You and I were born without choosing to, to parents we did not choose, into bodies we haven’t chosen, into a region of this planet we did not get to choose, during a period of evolutionary history we also did not get to choose.

And we were given a name.

The challenge comes when we grow old and wise enough to put all of life’s circumstances together and begin to question who we really are and what all this life and death stuff means. And we begin to ask, “What do I do with all of this…potential?”
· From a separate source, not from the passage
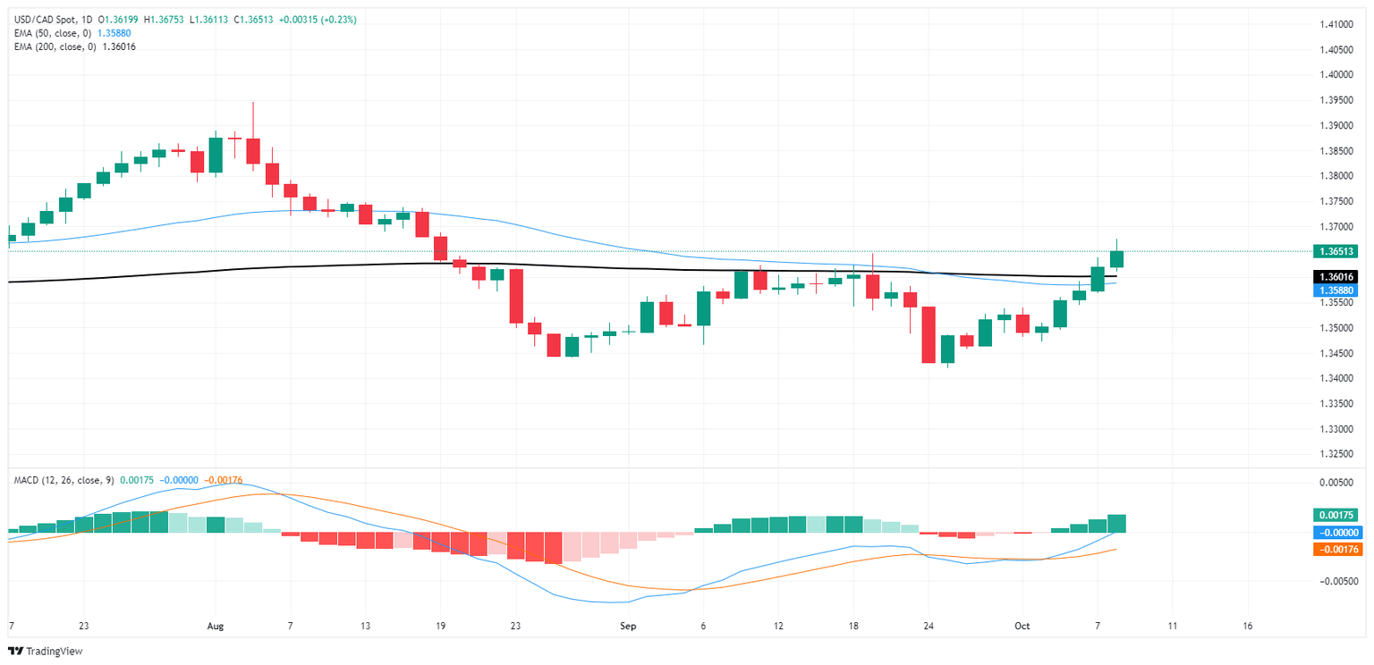 The USD/CAD daily chart shows a clear upward momentum that has developed in recent trading sessions. The price has moved above both the 50-day Exponential Moving Average (EMA) at 1.35880 and the 200-day EMA at 1.36048, which often signals a potential trend shift or the continuation of a bullish trend. Breaking these key moving averages is a significant technical indicator suggesting that bullish sentiment is building in the market. The price is now hovering around 1.36515, a level that could act as a short-term resistance point.

We start to evolve a bit as we grow older and we begin to stir together our experiences, impressions, feelings, memories, and inner workings into a ball of self-actualization and begin formulating our own life…choosing our own path, despite where we came from. We grow. We suffer. We learn. We grow…stronger. Wash, rinse, repeat.

For me, part of my evolution insisted on a name change, and I went from being a “Robirds” to a “Stone.”

Looking back through my scattered family tree, I discovered that I had a great-great Grandmother, Eda Stone, a Native American Cherokee who passed away on my birthday (but back in 1914). So using “Stone” as my new last name felt natural and true for my family, and was necessary for me to move forward.

This change has been a challenging and surreal experience, but overall it has been incredibly liberating, to say the least. One more thing that I can control.

I am very proud of who I am…who I am becoming.